There are many good reasons why an employer might not want to employ a person whose “sexual orientation” is to polygamy or adultery. The employer should have the right to make that decision. Similarly, an employee should have the right to choose to work for those employers who make that very reasonable decision.
“Gender Identity” is not a reasonable or even definable term. President Obama’s Departments of Justice and Education have proven that “gender identity” is purely subjective. While the Trump administration may withdraw the Obama directive, that does not mean that the term now has an objective component. Just ask National Geographic or the Boy Scouts of America who will now determine “sex” based on what is on an application rather than on reality.
In the recent case of G.G. ex rel. Grimm v. Gloucester Cnty. School Bd., No. 15–2056, 2016 WL 1567467 (4th Cir. Apr. 19, 2016), “gender identity” was the issue. Judge Niemeyer in dissent pointed out that “gender identity” is entirely subjective as it was applied by the 2-1 majority of the 4th Circuit panel.
On May 13, 2016, the United States Departments of Justice and Education issued a joint letter to public schools nationwide, explaining a school’s obligation under Title IX regarding transgender students and “gender identity.”[3] The letter claimed to rely on Title IX of the Education Amendments of 1972 and stated:
“[g]ender identity refers to an individual’s internal sense of gender. A person’s gender identity may be different from or the same as the person’s sex assigned at birth…Under Title IX, a school must treat students consistent with their gender identity even if their education records or identification documents indicate a different sex…Under Title IX, there is no medical diagnosis or treatment requirement that students must meet as a prerequisite to being treated consistent with their gender identity.” (emphases added).
This is purely subjective. It is left to the individual to determine whether “he,” “she” or “s(he)” identifies as female or male on a day-to-day basis.
Legal lines are more acceptable when drawn on the basis of benign and immutable characteristics – e.g., race, color, national origin, sex (biological) and disabilities.

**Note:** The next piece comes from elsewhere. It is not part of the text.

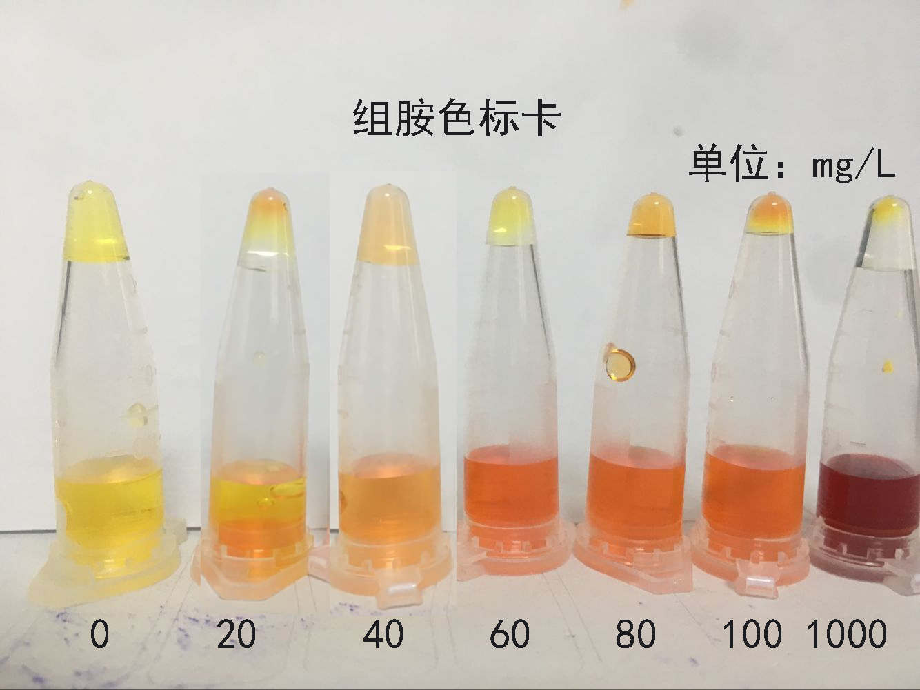 2.2:當(dāng)顏色變?yōu)樯罴t色或紫色時(shí),表明組胺含量較高。(見(jiàn)色卡)

Religion is included as a suspect class because of its place in the First Amendment to the U.S. Constitution and Article I Section 13 of the NC Declaration of Rights.
If individuals are allowed to justify and demand acceptance by other private parties of their behavior by wholly self-determined “identity” claims then the law becomes lawless.

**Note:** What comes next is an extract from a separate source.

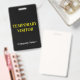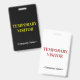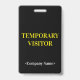 Ce design élégant de badge comporte le message "VISITOR TEMPORAIRE", ainsi qu'un nom d'entreprise personnalisable ou tout autre message personnalisé. Un badge comme celui-ci pourrait être utilisé pour indiquer que quelqu'un dans un lieu de travail ou une entreprise est un invité/visiteur autorisé. [~Z0000307]

To see where this is headed, please see Facebook’s new policy on updating a user’s gender identity on the user’s profile page: https://www.rt.com/usa/236283-facebook-gender-custom-choice/. Facebook offers 58 pre-populated options to choose from OR a user can create and type in the user’s chosen “gender” for the public to see.

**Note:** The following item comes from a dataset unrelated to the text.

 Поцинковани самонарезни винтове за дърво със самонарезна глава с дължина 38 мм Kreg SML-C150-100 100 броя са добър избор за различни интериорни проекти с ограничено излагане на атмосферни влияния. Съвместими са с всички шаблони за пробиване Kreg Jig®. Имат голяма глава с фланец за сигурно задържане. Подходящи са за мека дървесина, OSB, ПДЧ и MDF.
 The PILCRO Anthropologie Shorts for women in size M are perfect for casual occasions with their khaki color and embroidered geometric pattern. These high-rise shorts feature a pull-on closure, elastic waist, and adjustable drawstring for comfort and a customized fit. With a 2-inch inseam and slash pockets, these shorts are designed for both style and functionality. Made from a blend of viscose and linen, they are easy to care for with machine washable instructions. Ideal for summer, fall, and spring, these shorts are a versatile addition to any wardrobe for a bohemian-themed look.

HB2 codified the preexisting state law on discrimination and the preexisting state law on local authority. Those wanting to change HB2 have the burden of demonstrating why their proposals are for the public good.
General Assembly: Discrimination and HB2
[1]See http://paulstam.info/wp-content/uploads/2016/05/I-WANT-TO-HELP-PAYPAL.pdf. Also see https://www.aclu.org/map/non-discrimination-laws-state-state-information-map.
[2] The North Carolina Department of Public Safety, Adult Correction and Juvenile Justice stated in a memo on May 10, 2016, that, “Convicted criminals and inmates do have privacy rights when it comes to their using the restroom or changing clothes and they have the right to not be observed by members of the opposite sex while using the restroom or changing clothes. The specific policy language is included in the Prison Rape Elimination Act (PREA), with which the Division of Adult Correction…Community Corrections and Juvenile Justice…abides.”